The brand also launched a Snapchat Lens to allow customers to try on the shoes in augmented reality, tying the campaign to a mobile-focused commerce effort that could help to encourage purchases.
Directed by Academy Award-nominated filmmaker Sophia Nahli Allison and with support from Melina Matsoukas' production company De La Revolución, "A Woman's Foot" arrives after the brand ran a countdown clock on its website to notify when customers could begin making purchases. Lululemon and Droga5 are also rolling out a series of shorter social films focused on individual brand ambassadors, including athletes like Colleen Quigley, Kadeena Cox and Zhang Changning who were featured in the anthem spot. Each short film examines the ambassadors' individual experiences with running and nuances of their anatomy, adding a layer of storytelling to the campaign that helps to humanize Lululemon.
"It really dove into each brand ambassador's story about their lives. We had individual interviews with them about [their] running experience, [their] journey, and wove some of that into the voiceovers," Ledesma said.
Animations and other mixed media elements were incorporated into the anthem spot and shorter ambassador clips to more artfully portray the essence of the shoe lineup and Luluemon's work to develop the footwear, she added.
"We were really trying to capture the design and the creativity that went into making the shoe, and then capturing the feeling of the run that's not only the visuals, but the sound design played a big part," Ledesma said.
If Nike has 'Just do it'...
Lululemon had been prepping to enter the footwear space for years, now putting it in more direct competition with brands like Nike, Adidas and Under Armour. Following the Blissfeel sneaker, the company plans a cross-training shoe and post-workout slide this summer and a training shoe in the fall. The athletic apparel brand applied insights from its previous products based on research around how women uniquely move. By developing a shoe specifically for women's feet — whereas the traditional approach is to start with a man’s shoe and recalibrate it for women — the brand says it's filling a hole in the market.
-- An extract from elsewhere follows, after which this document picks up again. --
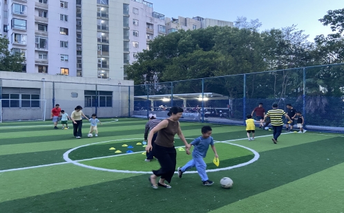 600㎡塑膠草坪上,球門與界線勾勒出“蘇超”同款競技軌跡。兩米高攔網筑牢安全防線,人臉識別門禁實現智能管理,四季新社區足球場讓熱愛在奔跑中復刻賽場激情。

The move may help to nurture Lululemon's already cult-like following, while providing a sales opportunity to reach brand loyalists as they try to match leggings to sneakers.
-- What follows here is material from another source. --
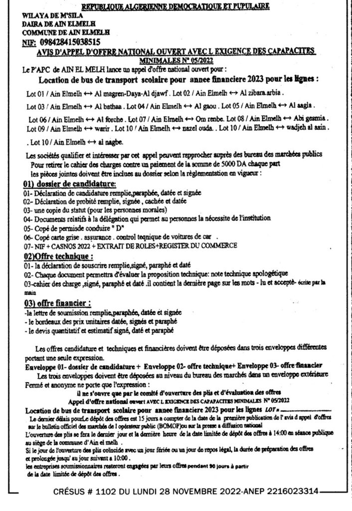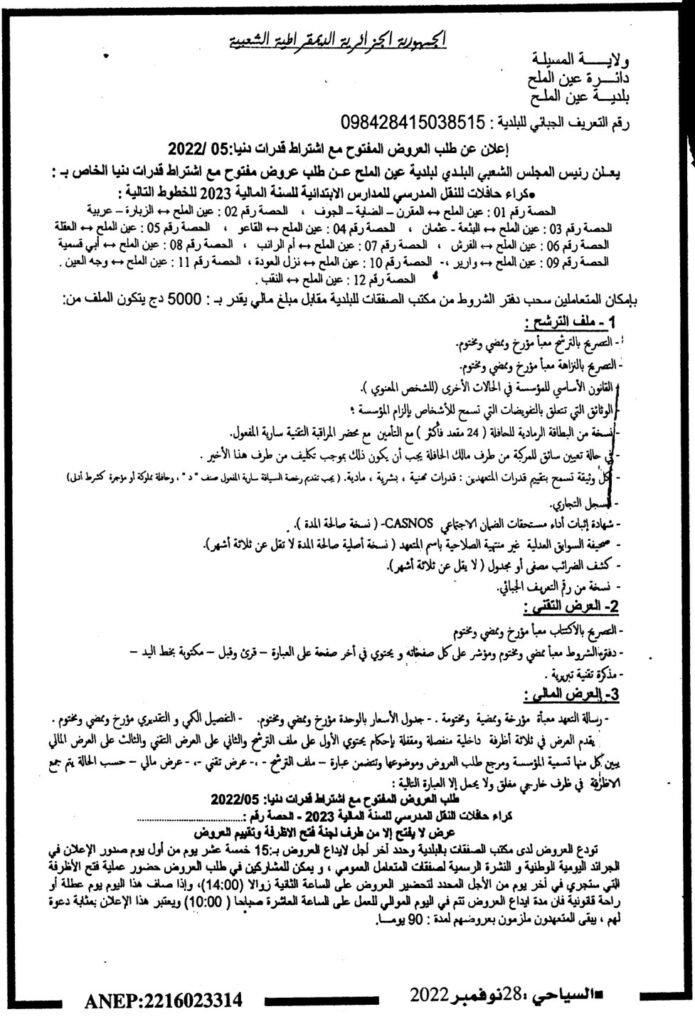 طلب العروض المفتوح مع اشتراط قدرات دنيا الخاص بـ : كراء حافلات للنقل المدرسي للمدارس الإبتدائية للسنة المالية 2023 للخطوط28 نوفمبر، 20220 15 شاركها فيسبوك X مشاركة عبر البريد طباعة

"Footwear is the natural next step for us to expand and apply our long history of innovation in fit, feel and performance, and it represents an exciting moment for our brand," CEO Calvin McDonald previously said in a statement. "We are entering the footwear category the same way we built our apparel business — with products designed to solve unmet needs, made for women first."
"A Woman's Foot" marks a more focused approach on a specific sport or activity, a shift from Lululemon and Droga5's past work broadly encompassing all active lifestyles and targeting both men and women. The new campaign aligns with the themes underpinning Lululemon's biggest global ad campaign in August 2021 around the idea of "feel," a wide-ranging creative platform that can flex to fit an array of products and marketing efforts.
"That is how they create new product and reinforce and evolve their product around this science of feel," Ledesma said. "If Nike has 'Just do it,' [Lululemon] has feel."